Vision Language Models in Autonomous Driving: A Survey and Outlook

Xingcheng Zhou,Mingyu Liu,Ekim Yurtsever,Bare Luka Zagar,Walter Zimmer,Hu Cao,Alois C. Knoll
2024-06-21
Abstract:The applications of Vision-Language Models (VLMs) in the field of Autonomous Driving (AD) have attracted widespread attention due to their outstanding performance and the ability to leverage Large Language Models (LLMs). By incorporating language data, driving systems can gain a better understanding of real-world environments, thereby enhancing driving safety and efficiency. In this work, we present a comprehensive and systematic survey of the advances in vision language models in this domain, encompassing perception and understanding, navigation and planning, decision-making and control, end-to-end autonomous driving, and data generation. We introduce the mainstream VLM tasks in AD and the commonly utilized metrics. Additionally, we review current studies and applications in various areas and summarize the existing language-enhanced autonomous driving datasets thoroughly. Lastly, we discuss the benefits and challenges of VLMs in AD and provide researchers with the current research gaps and future trends.
Computer Vision and Pattern Recognition,Artificial Intelligence
What problem does this paper attempt to address?
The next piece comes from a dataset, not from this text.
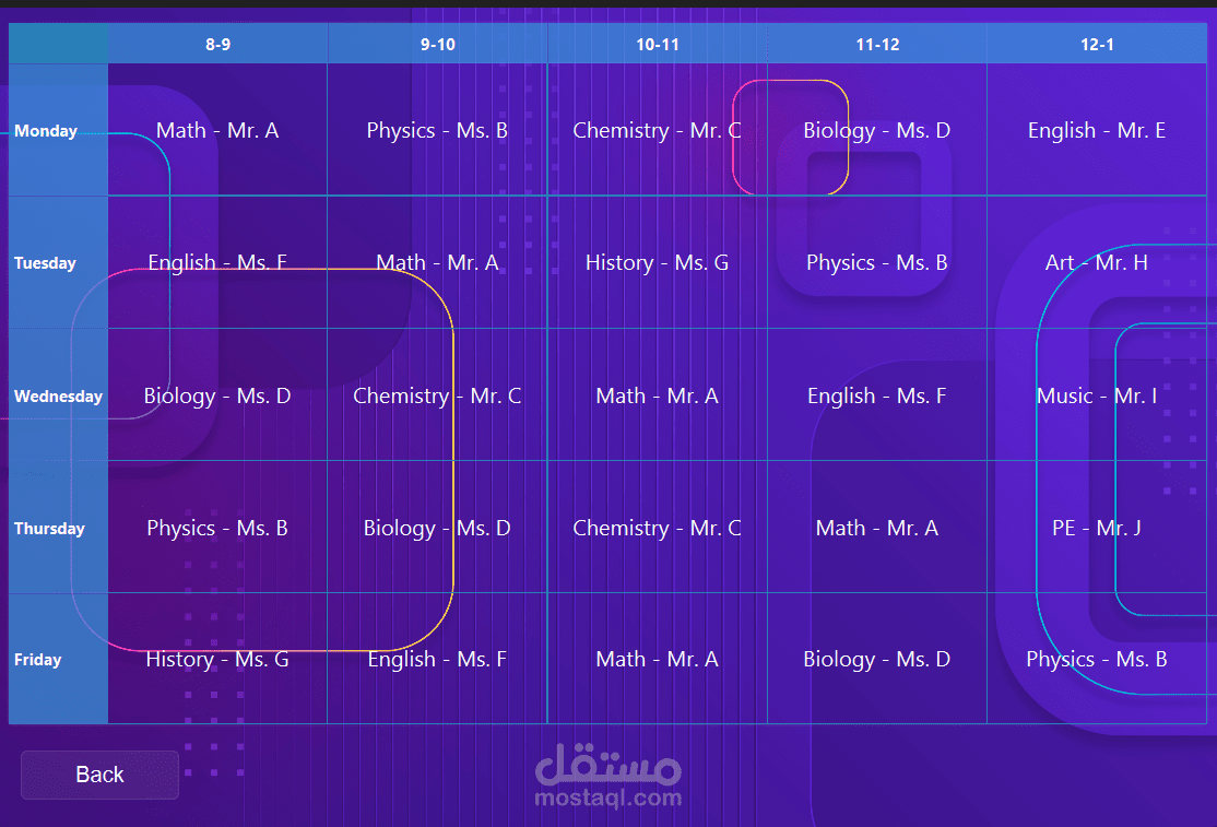 واجهة AI يستخدم ف اعطاءه جداول عشوائية و يقوم بتحسينها و تنظيمها باحسن شكل ممكن و توزيع المحاضرات بطريقة منسقه و فعاله ف الاستفاده من الوقت

The paper aims to address the application of Vision-Language Models (VLMs) in the field of Autonomous Driving (AD) and explore their potential in enhancing autonomous driving technology. Although current autonomous driving systems have made significant progress in perception and prediction, they still face numerous challenges in handling complex dynamic environments, interpreting decision-making processes, and following human instructions. To address these issues, the paper presents the following major contributions: 1. **Comprehensive Review**: Provides a comprehensive survey of large vision-language models in the field of autonomous driving, categorizing existing research by VLM type and application area. 2. **Tasks and Metrics**: Integrates mainstream vision-language tasks in the autonomous driving field and their corresponding general evaluation metrics. 3. **Dataset Analysis**: Systematically summarizes and analyzes existing classical and enhanced autonomous driving datasets. 4. **Potential Applications**: Explores the potential applications and technological advancements of VLMs in autonomous driving. 5. **Discussion and Outlook**: Discusses in-depth the advantages, challenges, and research gaps in this field, and points out future research trends. Through these efforts, the paper hopes to fill the current gap in systematic summaries and discussions on the application of VLMs in the field of autonomous driving, providing researchers with a comprehensive understanding framework to promote the development of this field.